What ifs are dangerous and they are unrealistic. I know that. If I could rewind history and never meet someone though, it would be this guy. Because I seem to have the worst problem letting go. I know that I shouldn't, but sometimes, I find myself comparing my husband to him and wishing I could take a part here or there from him and put that part into my husband. That is not fair to my husband, not fair to me. And I know, consciously, that of course his words were perfect, they were merely words, he never had to match actions up to them.

I spoke with my husband about the situation. And although I never cheated, although I never emotionally cheated, although I was doing nothing wrong, I still was upset. Because, I was talking to another male more than I was talking to him. I was letting another person influence my thoughts and decisions more than my husband. I knew that was wrong, whether it be male or female, my husband is my best friend and his opinions and feelings should hold the most weight in my life. My husband knows everything about my friendship with this person. Knew I ended it, not because he told me to, because he never asked me to, he trusts me completely, but because I knew I would not be comfortable with my husband having a friendship with another woman like that.
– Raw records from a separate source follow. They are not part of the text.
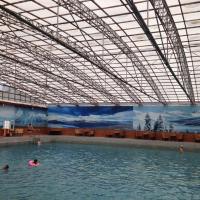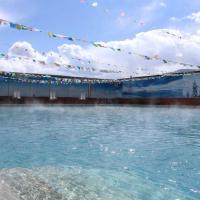 羊八井温泉就在羊八井地热电厂对面,远远就可以看到袅袅升腾的热气。泡温泉分室内游泳池、室外游泳池以及室内4个小温泉池,建设比较简陋,没有冲淋设施,但温泉货真价实。水质清澈,因为身在高原,没有枯叶小虫,极目远眺即可见雪山草原,即使在室内瓦蓝的蓝
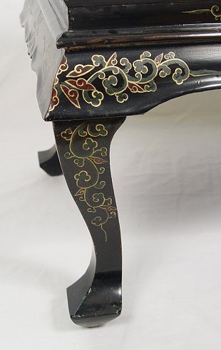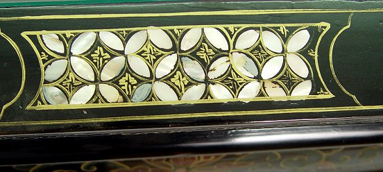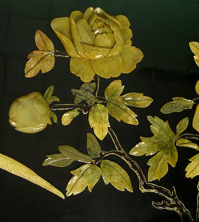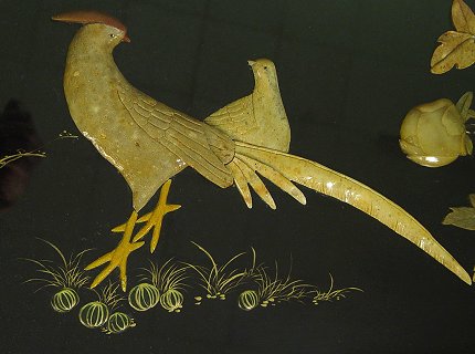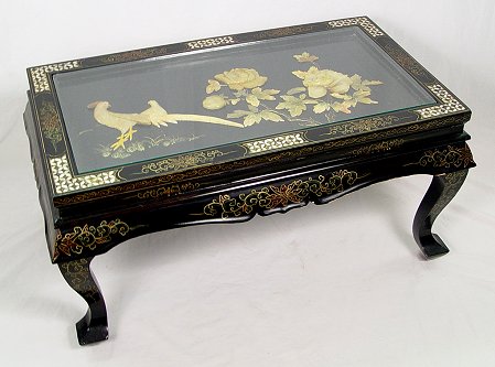 DECORATIVE 20TH C CHINESE COFFEE TABLE: Mother of pearl inlay with a recessed panel decorated with carved stone figures, glass top. 18''h. x 36'' x 20''.
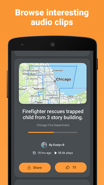 ฟังเสียงสดจากเครื่องสแกนดับเพลิงและตำรวจกว่า 8,000 เครื่อง สถานีวิทยุสภาพอากาศ NOAA เครื่องทวนสัญญาณวิทยุแฮม การจราจรทางอากาศ (ATC) และวิทยุทางทะเลจากทั่วโลก เปิดการแจ้งเตือนเพื่อรับการแจ้งเตือนทุกครั้งที่สแกนเนอร์มีผู้ฟังมากกว่า 2,500 คน (เพื่อดูเหตุการณ์สำคัญและข่าวด่วน)คุณสมบัติ
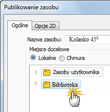 Po uaktywnieniu projektu biblioteka projektu pojawia się w oknie dialogowym Publikowanie zasobu pod nazwą Biblioteka.
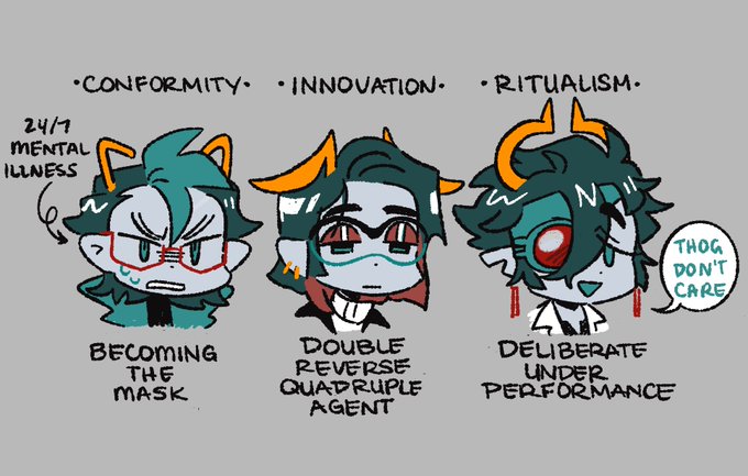 puts my teals under the microscope on their coping with living under a fucked up regime where they kill u for rejecting societal expectation ft. merton’s strain theory and tvtropes

Recently, I ended the friendship with him. I completely ended it. He was hurt. He didn't understand. He didn't get it, since we were keeping things within the boundaries I set up for us, why we couldn't be friends. It was no appropriate. I had to do it for me, for my marriage. It was difficult. More difficult then I imagined. I met him when I was fifteen. When I was unsure of anything. We were at a State theater conference and we ran off together. We hid in the balcony of an unused theater for four days and talked. I felt like he was my "Dear Abby" for over thirteen years. I deleted the email account, completely deleted it. It no longer exists. I blocked him on facebook. I needed to let him go. Or well, the person I had built up in my head, go. I knew I needed to be turning to my husband with the things I turned to him with, I needed to write my husband the emails and dreams I had. I had to give it all to him, not just parts of it.
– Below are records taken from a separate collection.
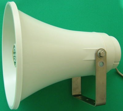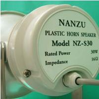 屋外としても使える防水のトランペット型(ラッパ型ホーンスピーカー)NZ−S30です。移動販売などの自動車や船舶でも実績の高いです。指向性があり、遠くまで音が届きます。ローインピーダンス(16Ω)で30Wのスピーカーです。
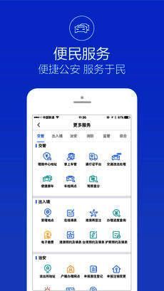 3、治安服务:可进行身份证办证进度查询、流动人口登记、身份验证、电话防诈骗等操作,既便利了群众生活,又提高了全民安全防范意识。
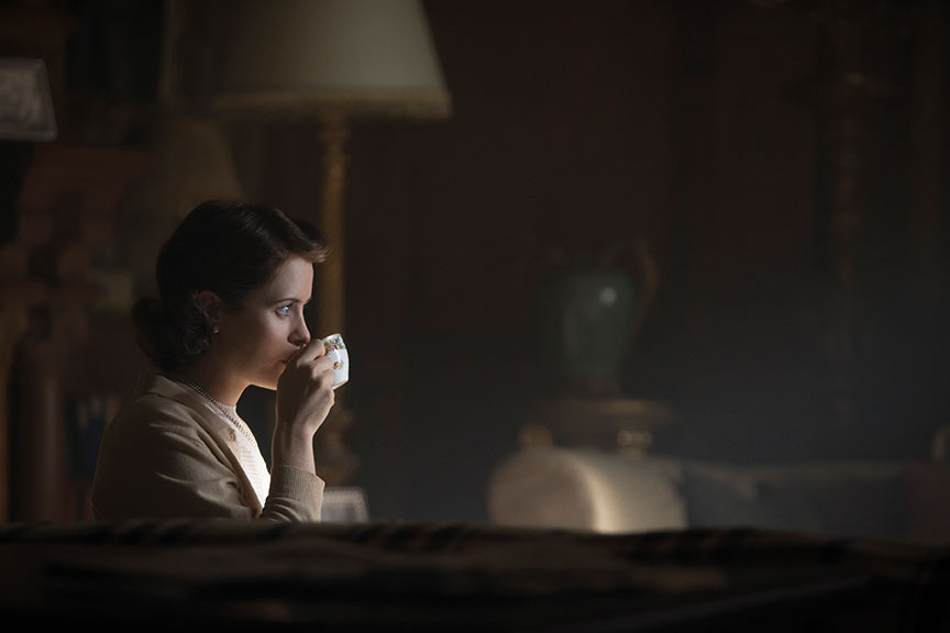 “My key light is usually my backlight, so for instance, Claire Foy is never front-lit, she is mostly side-lit but is very diffused; there is always maybe two or three diffusion layers. There are nets on the windows and another layer inside that always comes in for close-ups,” says Adriano. “The big lights coming in through the window are 18K ARRIMAX but I’m in love with the SoftSun lights, the 100K lights from Luminys. It’s a fantastic 100K, dimmable source that you can dim without changing the temperature. With it you end up saving money as you move faster, because some days I have one source outside that gives me the wide interior shots and when I move to mid shots and close-ups I just bring in a net and more diffusion layers, not another head. I love to see the set and there are no lights inside, just diffusion. I am convinced the actors like walking into a set and asking ‘is this it?’ We have marks but they have the freedom to rehearse as they want; it’s more like a play. I need a bit more time for the close-ups though, especially for Claire.”
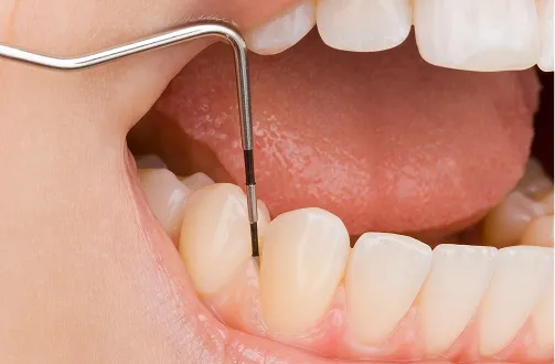 歯周病の場合、虫歯のようにズキズキと痛みを感じることはありませんが、患者さまのなかには「歯がしみる」といった症状を虫歯だと思って受診したものの、実は歯周病だったというケースも珍しくありません。こうした状況では、歯周病がかなり進行して顎の骨が溶かされている可能性が高いといえます。
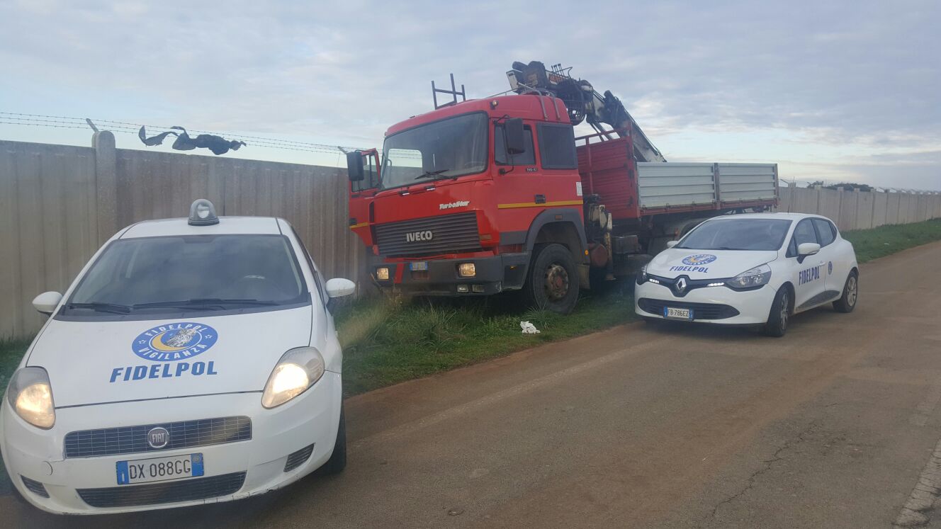 TORRE LAPILLO- Rinvenuto dalle guardie giurate dell’istituto di vigilanza FIDELPOL, questa mattina intorno alle 07,00 sulla strada che da Torre Lapillo porta ad Avetrana (alle spalle della pista prototipo), un camion con annessa una grossa gru. Le guardie giurate sono state subito insospettite dal fatto che lo sportello fosse aperto. Nell’abitacolo hanno notato che era rotto il blocchetto di accensione ed è stato quindi chiaro che si trattasse di un mezzo rubato. Di certo i ladri volevano usarlo per un grosso colpo, magari per sradicare sportelli bancomat o colonnine self service di distributori di carburante.  Indagano i carabinieri della Compagnia di Campi Salentina.
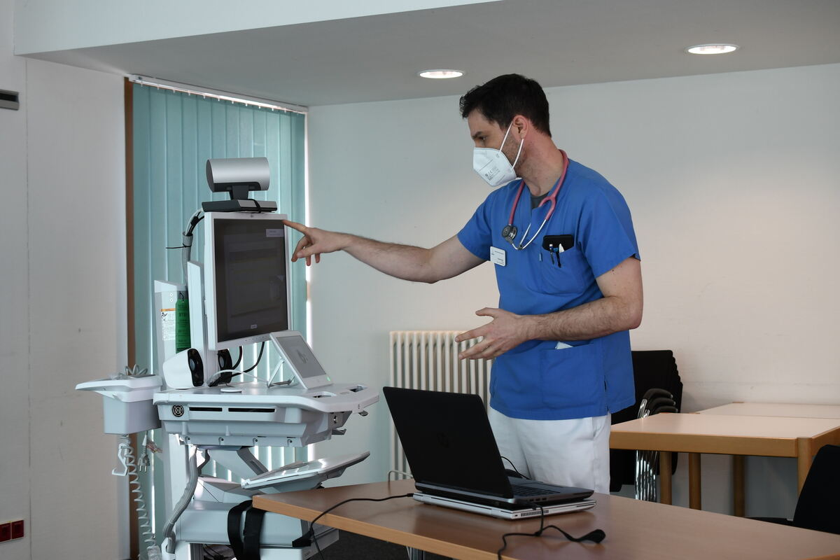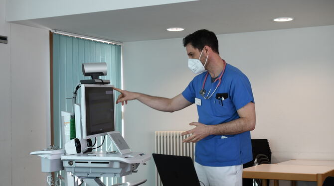 Berühren kann Oberarzt Thomas Rabe den Patienten durch den Videobildschirm nicht, aber mit seinen Kollegen via Telemedizin besprechen, wie ihm zu helfen ist.
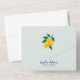 The design showcases a soft light blue background, framed by a whimsical cobalt blue swirl border on the top, left, and right, with a cheerful lemon branch illustration hanging from the top corner. Elegant typography and romantic flourishes complete the upper portion of the invitation, while the bottom features a tear-off recipe card, perfectly coordinated in style.

I spoke with two close girlfriends about my friendship, about my thoughts, about my fears. I told them about the nagging, "what ifs" that sometimes pop into my head. Both told me they were natural, they had the same "what if" thoughts at one point. What if they had married a different man, or an ex etc. That what is important is not the "what ifs" but the present that is important.

The present is easy. I love my husband. We have a good marriage, good communication and although we have our bumps along the road, which all couples have, we still have each other. I wouldn't want it any other way and I am blessed to have him. Blessed to have someone who puts up with the crap I give him and that is understanding.